The main limitation of this study is the lack of subjects’ dietary habits, including alcohol consumption, to correlate the observed changes at the membrane level. Smoking habits cannot explain observed differences in DPH anisotropy, TMA, and hydroperoxide levels. On the other hand, gender differences measured in the peripheral biomarkers TMA, DPPP, and DPH represent remarkable data, which could be used to better address gender-specific therapies for CVD. Besides, weak changes in TMAO measured in our groups (Supplementary Material Table S1) could be only partially associated with plasma TMA levels. Finally, the direct correlation between plasma TMA and hydroperoxides level that emerged from this study warrants attention, and its potential use as a blood biomarker predictive of CVD in men might have relevant implications in CVD prevention.

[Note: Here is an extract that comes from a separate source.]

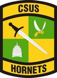| Keywords: California State University Sacramento AROTC SSI.jpg On a quartered yellow and green rectangle arched convexly at top and bottom with a 1/8 inch 32 cm black border a diagonal sword white with black handle from upper left to lower right point to base; between in second quarter a yellow stylized hornet with white wings; and in third quarter the white dome of the California State Capitol Building Attached above the rectangle a yellow arched scroll edged with a 1/8 inch 32 cm black border and inscribed CSUS in black letters Attached below the rectangle a yellow arched scroll edged with a 1/8 inch 32 cm black border and inscribed HORNETS in black letters Symbolism The green and yellow quartered shield reflects the four semesters of the ROTC advanced course and alludes to the leadership excellence patch The sword represents the military leadership training of the Cadets The hornet denotes the school ™s mascot The capitol dome recalls the school ™s location and symbolizes the state university system and the academic standards of the university Background The shoulder loop insignia was approved on 29 July 1991 TIOH Drawing Number A-10S-74 2011-07-21 09 57 29 http //www tioh hqda pentagon mil/Heraldry/SROTC/SROTC_School aspx s 8372 Institute of Heraldry PD-USGov Uploaded with UploadWizard California State University Sacramento Reserve Officers' Training Corps ROTC Insignia of the United States Army |

Future studies able to correlate gender differences of other biochemical parameters associated with enzymes involved in the regulation of plasma TMA metabolism are warranted, especially considering that recently TMA, but not TMAO, has been proposed as a marker of cardiovascular risk [48,49]. Furthermore, additional studies aimed at the correlation between food components and membrane lipid redox state could be useful to investigate.

5. Conclusions

Gender differences in CVD have been identified in plasma TMA level and at the erythrocyte membrane level. Healthy females have a lower basal level of TMA and lipid hydroperoxides than males, while their membrane in the hydrophobic region results in less fluid than in healthy males. Female CVD patients are characterized by a higher plasma TMA than their healthy controls, while no differences in lipid hydroperoxides and membrane fluidity between control and CVD females were measured. Male CVD patients show a decreased fluidity in the hydrophobic region of the erythrocyte membrane. Erythrocyte lipid hydroperoxides measured by DPPP can be proposed as new biomarkers to predict CVD in men.